I've been reading Mathematical Analysis I by Zorich and I'm stuck with the construction of a subsequence of a bounded sequence that converges to lim inf (limit inferior) or analogously lim sup (limit superior).
I've searched Google and Math Stackexchange and the proof on Subsequence that converges to $\lim \text{inf}$ is essentially what everyone offers.
Let $(x_{k})$ be the sequence and $i_{n}= \inf_{k \geq n} x_{k}$.
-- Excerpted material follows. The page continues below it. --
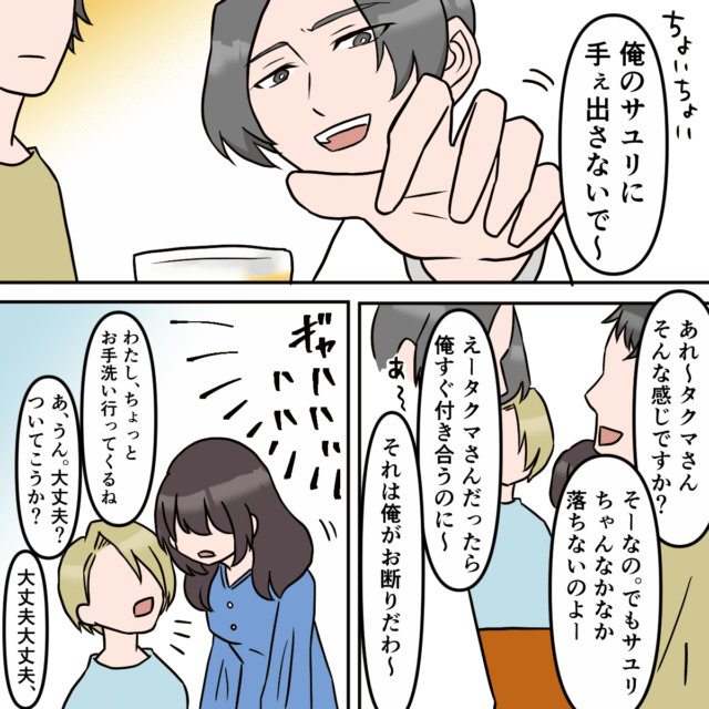 「サユリちゃんなかなか落ちないのよー」と冗談めかしく言うタクヤさん達が盛り上がるなか、サユリは全く気にしていない様子でお手洗いへ席を立った。
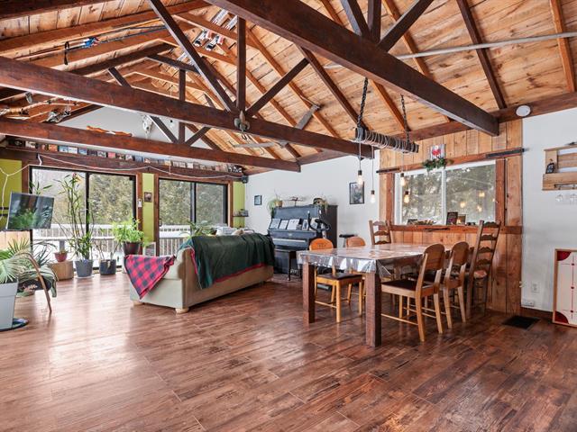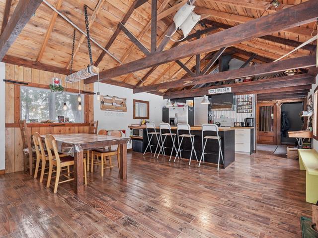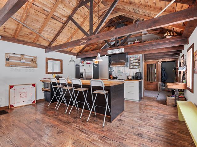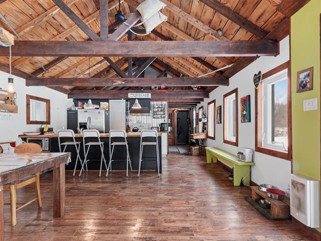 Maison plain-pied entièrement reconstruite en 2010, offrant un espace de vie à aire ouverte avec plafond de 12'5 et fenestration généreuse, mettant en valeur la cuisine dotée d'un vaste îlot de 11'2. Une mezzanine propose un espace ludique idéal pour les enfants. Le sous-sol, muni d'une entrée extérieure, d'un poêle au bois et d'un abondant espace de rangement, permet de multiples usages, dont l'aménagement d'un atelier. Un garage de 13'x23' complète l'ensemble. Le terrain de plus de 42 000 pi², sans voisin à l'arrière et bordé d'arbres matures, assure une tranquillité exceptionnelle. (58050922)

We wish to choose $k_{n}\in \mathbb{N}, k_{n}\geq n$ such that $i_{n}\leq x_{k_{n}}<i_{n}+\frac{1}{n}$ so that $(x_{k_{n}})$ forms a subsequence that converges to $\lim_{n \rightarrow \infty}i_{n}$.
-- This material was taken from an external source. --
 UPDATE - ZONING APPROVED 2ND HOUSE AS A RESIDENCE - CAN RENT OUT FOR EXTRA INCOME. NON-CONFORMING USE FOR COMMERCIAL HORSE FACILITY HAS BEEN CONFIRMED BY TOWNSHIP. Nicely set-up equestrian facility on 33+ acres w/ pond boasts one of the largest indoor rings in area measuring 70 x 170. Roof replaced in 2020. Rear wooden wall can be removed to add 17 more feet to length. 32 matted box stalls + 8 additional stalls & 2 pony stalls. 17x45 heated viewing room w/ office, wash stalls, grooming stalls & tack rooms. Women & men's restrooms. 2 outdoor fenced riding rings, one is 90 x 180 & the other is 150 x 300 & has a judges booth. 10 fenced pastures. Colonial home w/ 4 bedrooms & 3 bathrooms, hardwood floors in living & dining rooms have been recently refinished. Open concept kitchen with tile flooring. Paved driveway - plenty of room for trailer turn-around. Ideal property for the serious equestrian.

However, I can't seem to justify the existence of $x_{k_{n}}, k_{n}>k_{n-1}$ because contrary to what is said in the link, there aren't infinitely many $x_{m}, m \geq n$ such that $i_{n}\leq x_{m}<i_{n}+\frac{1}{n}$. The definition of the infinum only guarantees one such element, which might be the same element used as a previous $x_{k_{n-1}}$.
A simple example is the sequence 5, 5, 1, 5, 5, 5 ...
$i_{1} = i_{2} = i_{3} = 1$ and $x_{k_{1}} = x_{k_{2}} = x_{k_{3}} = 1$ is the only possibility, which does not form a legitimate subsequence. Clearly, the subsequence 5, 5, 5, 5, 5, ... converges to lim inf = 5 but my point is that the construction in the proof has a loophole.
Would appreciate it if someone could find a way to solve this problem. Thanks!
Edit: thanks RRL! However, isn't the subsequence generated by your method only for a particular ε and if ε is reduced, the subsequence might not fulfil the requirement for convergence to $x^{*}$: being within the ε-neighborhood of $x^{*}$ from a certain N onwards.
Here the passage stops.